Furthermore, Jiang et al. classified periodontal bone loss into vertical, horizontal, and furcation defect categories using 640 panoramic radiographs and compared AI performance with that of dentists. The authors reported an F1-score of 83% for the furcation defect category, whereas our models achieved F1-scores ranging from 92% to 98% [
27]. The superior performance observed in the present study may be attributed to the utilization of more advanced and diverse architectures, including Xception and ENet. Nevertheless, despite these promising results, the interpretability and clinical generalizability of our findings remain limited by the absence of direct comparisons with manual assessments performed by multiple experienced clinicians. Future studies incorporating multi-expert clinical validation are therefore warranted.
Since the furcation defect can be diagnosed radiographically by the presence of a triangular radiolucency in the furcation region and/or when the bone level falls below the furcation region, the radiographic image can sometimes be confusing. Therefore, the disease requires a process that includes clinical examination as well as radiographic imaging. In this study, since furcation involvement in maxillary molars is more difficult to detect on panoramic radiographs, we focused on the detection of furcation involvement in mandibular molars with AI. Including maxillary molar FI detection in future AI studies will provide a more comprehensive understanding of the benefits of AI in diagnosing furcation involvement in both maxillary and mandibular molars. Although panoramic radiographs, which are preferred in this study due to their widespread use in dental radiographic examinations, have various advantages, the quality and magnification of the images may vary depending on the patient’s position [
28]. Therefore, to achieve significantly high accuracy in the clinical application of deep learning, it is important to use in-hospital or hybrid datasets from multiple machines and situations [
29]. The fact that the panoramic radiography images evaluated in this study were obtained from different devices at the Faculty of Dentistry of Ankara University may be an effective factor in the high accuracy rates obtained in the study. In addition, the segmentation method we used is much more advantageous because it provides more detailed information for evaluating disease severity and the treatment planning process by determining the defect area with its boundaries. In this method, the defect area is processed as a detailed map, thus providing a visually more advanced diagnostic support. The higher accuracy rates obtained in the segmentation test results provide evidence for this situation. A key limitation of this study is the lack of external validation using datasets from different institutions or imaging devices. Future studies should incorporate multi-center datasets to evaluate the generalizability and robustness of the proposed models.
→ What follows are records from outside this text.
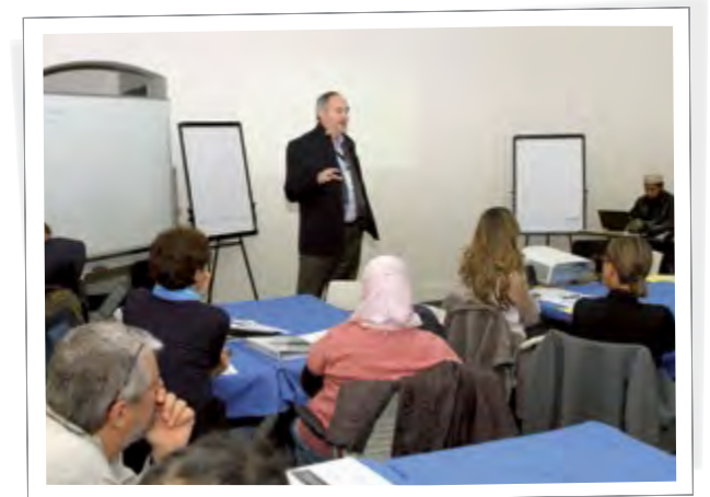
Session on coordinated public health response in emergencies

To address information management and data analysis gaps, an information system is currently being developed with the goal of providing state-of-the-art analysis of the child survival and development situation in conflict-affected countries in the Middle East and North Africa.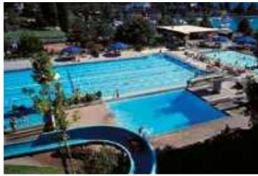
Sikaplan sheet membranes for waterproofing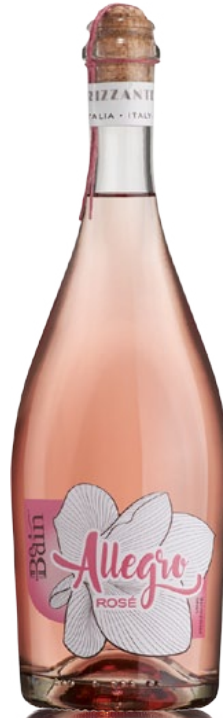
ALLEGRO ROSÉ MARCA TREVIGIANA IGT VINO FRIZZANTE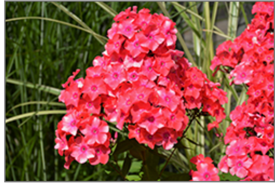
Flame Coral Garden Phlox flowers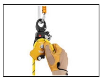
The rope may be installed in the PRO TRAXION pulley when the pulley is connected to the anchor.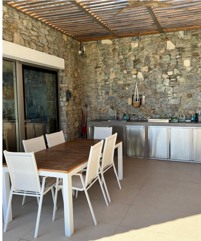
— Outdoor kitchen · dining for eight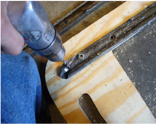
Use the rails to guide the drill.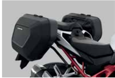
SIDE BAG 08ESY-MLB-SDB

Set of semi-rigid side bags (resin-made) Honda branded and specifically designed to suit the bike's shape, with waterproof inner bags and padlocks included. The bags have a 16.5L carrying capacity each and feature quick-release fasteners for easy attachment and detachment. Material / finishing: Textured Resin & Polyester, finished in Black. Maximum load capacity per panniers: 1.4 kg. Side Bags attachment included 08L74-MLB-D00.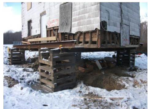
Above: Stabilization of the structure involved lifting it to repair the framing and replace the foundation.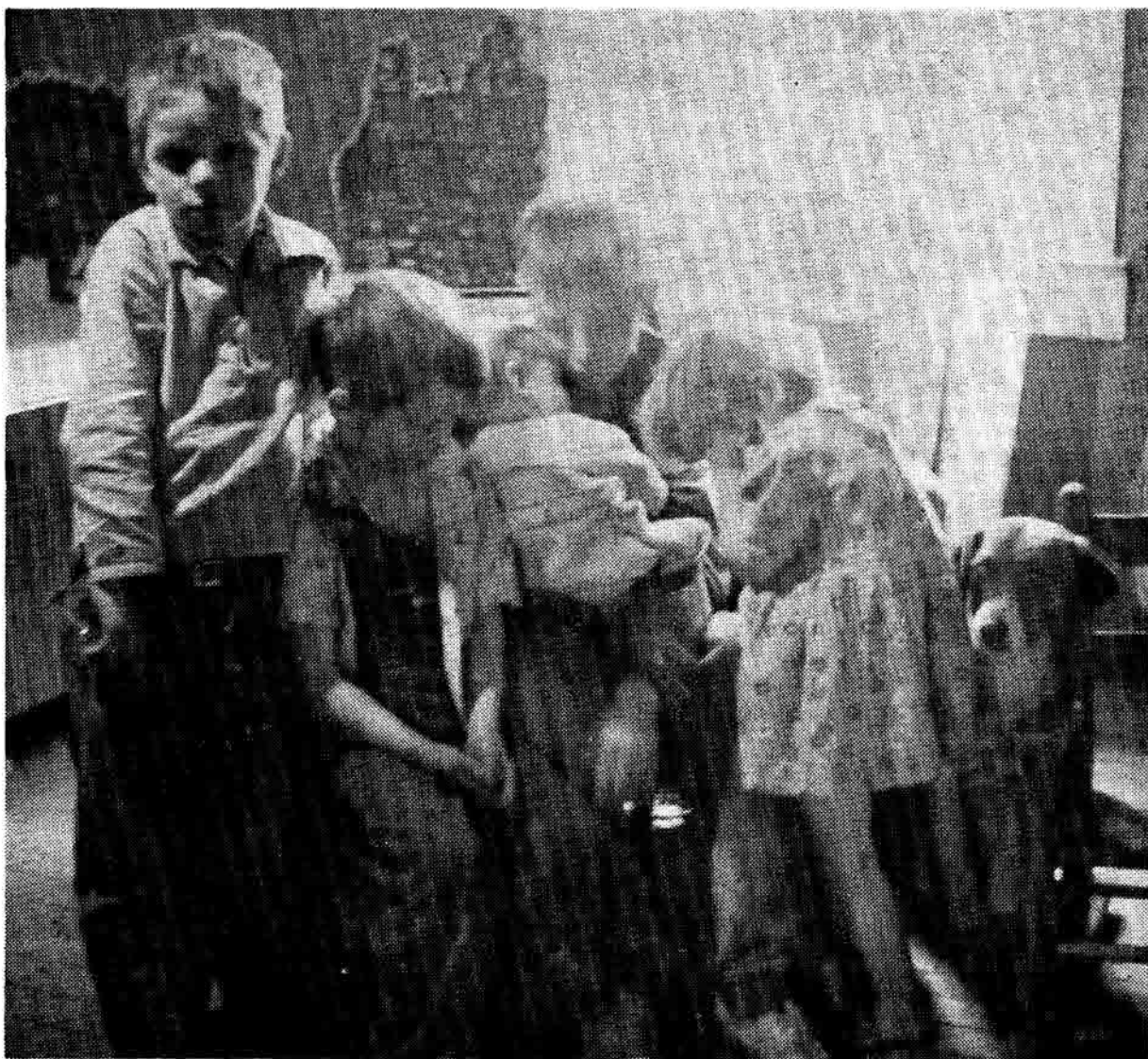
VICTIMS OF UNEMPLOYMENT. Children of jobless coal miners in Appalachia. Mechanization of mining has reduced number of union jobs in coal mines by one-third in past ten years. Most of the displaced miners aren't even counted in unemployment statistics.

1964 — the period which experienced the effect of the tax-reduction program — about 1.3 million extra jobs were created by the expansion of the economy. But that's almost a million short of what would be required each year in the coming period.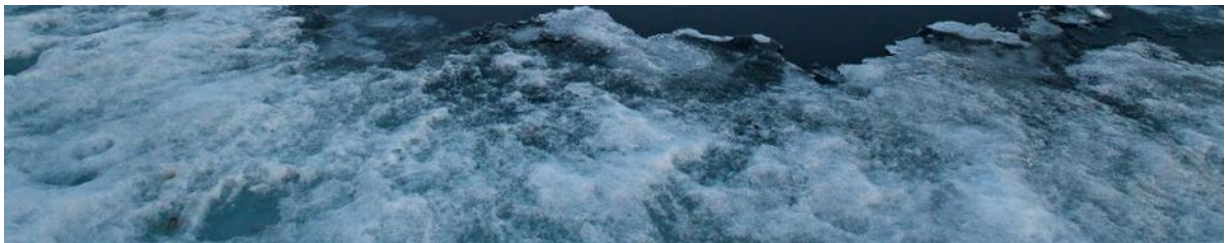
June at the Floe Edge NINA STAVLUND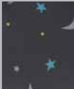
5" CONTOUR DEPTH-STANDARD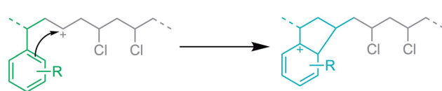
Fig. 2 Proposed intramolecular Friedel–Crafts alkylation leading to formation of polyindene segments.

DSC studies of the polymers produced with different arenes at different temperatures were measured (Fig. 3). While the ratios of hydrodechlorination to Friedel–Crafts alkylation did not seem to be changing, the difference between intramolecular and intermolecular Friedel–Crafts alkylation would be expected to be thermally dependent. In the case of toluene, the T_g of the material increases from 74 to 109 °C as the reaction temperature decreases from 110 to 25 °C, suggesting more polyindene formation at lower temperatures (Fig. 3a). This would be expected, as intramolecular reactions should be favored more at low temperature than the intermolecular hydrodechlorination or Friedel–Crafts alkylation. When shifting to benzene, the change in T_g is much more pronounced across the different reaction temperatures (74 to 124 °C) with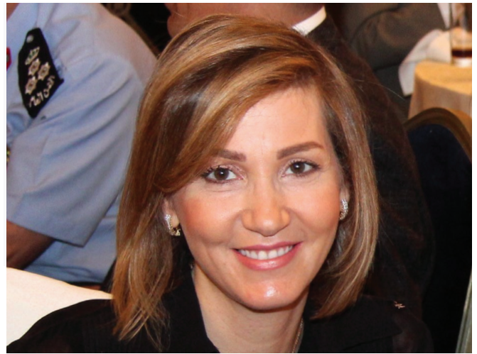
Dr Dima Jamali Member of Lebanese Parliament; Professor of Management and Kamal Shair Endowed Chair in Responsible Leadership in the Olayan School of Business, American University of Beirut; and National Representative of the Global Compact Network Lebanon

In just under three years, under Dr Jamali's leadership, the Lebanon network has grown and become one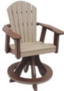
Comfy-Back Swivel Counter Chair #CBSC - 40 28" W x 30" D x 44" H Seat - 23 3/4" (59 lbs.)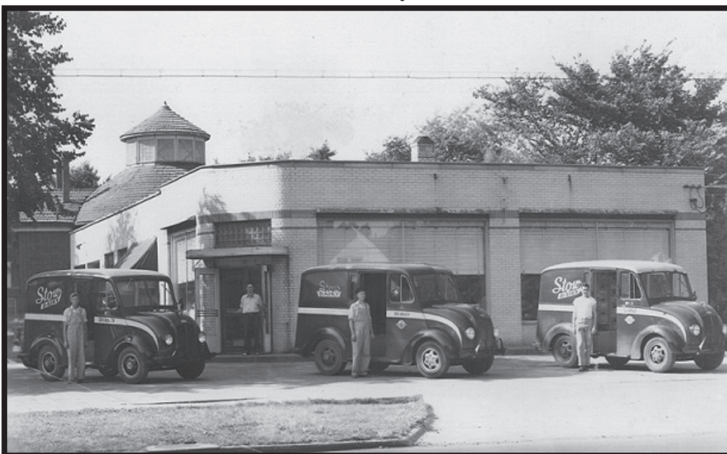
Stow Dairy – located directly south of Stow Community Church – was a prominent advertiser in The Community Church News

The first issue was published Friday, January 26,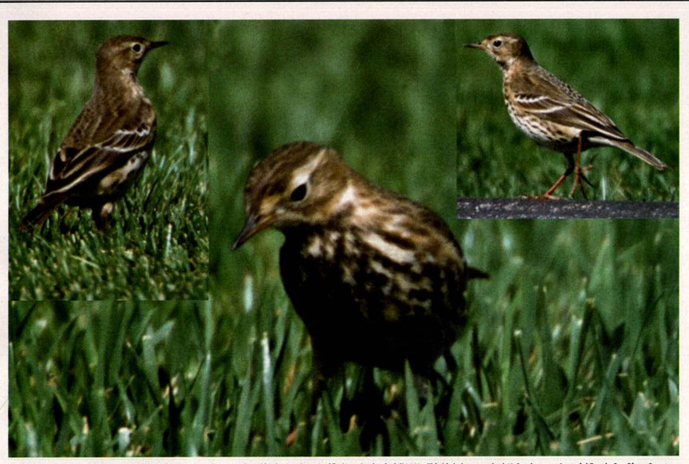
Figure 1. Up to four American Pipits of the Asian race japonicus were found in the Southern Pacific Coast Region in fall 2003. This bird photographed 12 October near Imperial Beach, San Diego County shows the distinctive features of the subspecies, including heavier back streaking, grayer back, bold blackish streaking in the malar area and underparts, and pinkish legs, all distinctions from North American taxa.

That the American landscape will continue to be altered is incontestable: human populations will grow, habitats will be lost, resources will be consumed, and species will become endangered and extinct. The planet's changing climate, whose Big Picture we are slowly coming to understand, will ensure that other, perhaps radical changes in habitats that are forecast will come to pass: Alpine meadows become forested, ice sheets melt, sea levels rise, the Everglades vanish. To step back from the specifics of the regional reports herein, and to imagine the future birdlife of the Americas as different from today as today's is from that of 1604: the Big Picture can seem bleak. After all, who could have imagined two centuries ago that the Passenger Pigeon would become extinct, when clouds of this species once moved like great storms across the skies? We have few quantified data on these birds, just the anecdotal astonishment of observers who found them innumerable. Take heart, then, in the contributions made within these pages. Thousands of birders across the reporting regions have counted the birds they observed, have recorded the details of plumage, habitat, voice, and movement. We are moving away from anecdote and toward serious citizen-derived, citizen-driven sci-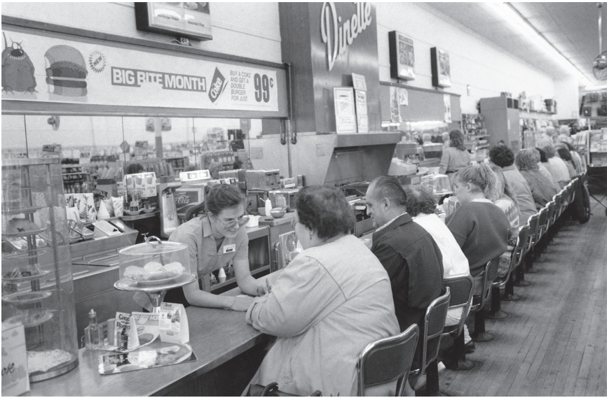
The WAC argued that many women were “lunch counter” servers with lower tips and wages.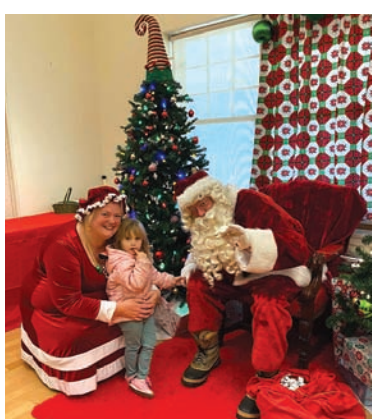
Santa and Mrs. Claus will be at the SAPCC event hall on Dec. 9.

This event is a fundraiser for Springfield Area Parent Child Center, where building bridges of support for young children, families, and caregivers is priority. Last year, the organization reached over 12,000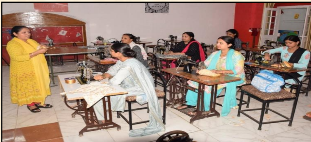
Bag Making Course at VTC, Jabalpur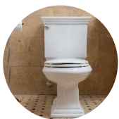
Indoor water conservation measures

Some BMPs are not eligible for credit in CAST. Refer to the CAST Source Data spreadsheet or the BMP Quick Reference Guide for a list of creditable practices & the criteria for credit.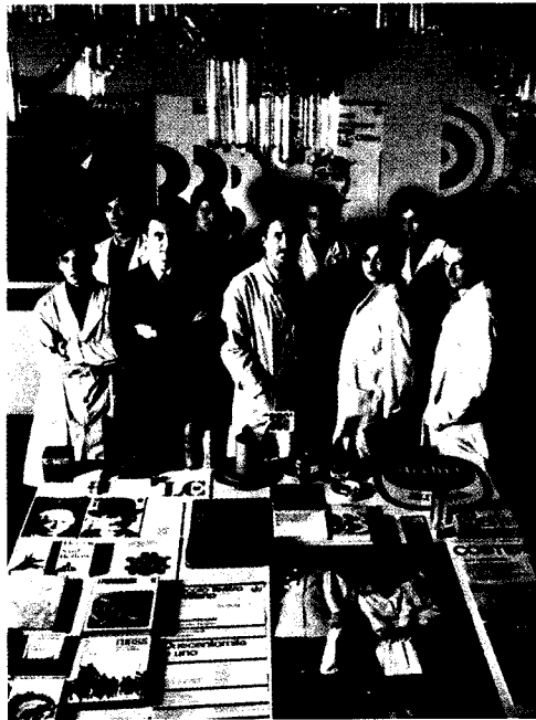
Members of the Unimark International studio, Milan, 1966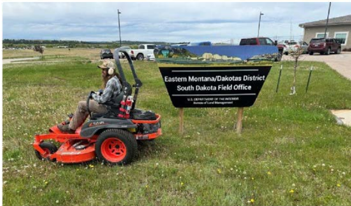
New zero-turn mower for the BLM Recreation Program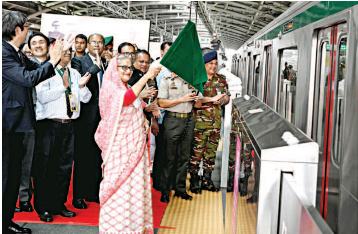
Prime Minister Sheikh Hasina flags off a train at the Agargaon metro station inaugurating the Agargaon-Motijheel section of the MRT Line-6 yesterday. From today, metro rail will be in limited operations from the Uttara North to Motijheel.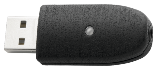
52111057 USB adapter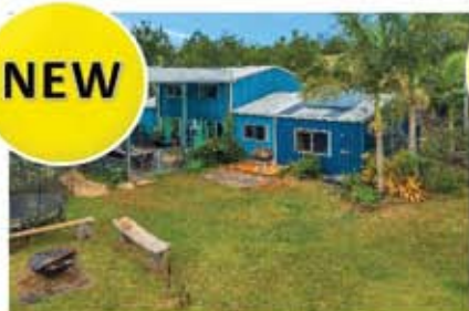
5180 Kyogle Rd Cawongla 15 acres $1,250,000 Agent: Jacqui

The use of artificial intelligence (AI) systems for interpreting dental radiographic images holds great promise in diagnosis and treatment planning. AI systems can detect subtle details that may be overlooked by dentists due to factors such as fatigue or cognitive overload, and can serve as a decision-support mechanism in cases where diagnosis is challenging due to a lack of experienced clinicians. When the literature is examined, although studies on the detection of furcation involvement are limited, it has been seen that the use of AI systems has yielded successful and promising results. To the best of our knowledge, our study is the first to employ different deep learning algorithms and segmentation methods in the detection of furcation involvement. However, only furcation involvement in mandibular molars was examined in our study. Including larger datasets that encompass maxillary molar teeth is likely to enhance the success rates in detecting furcation involvement.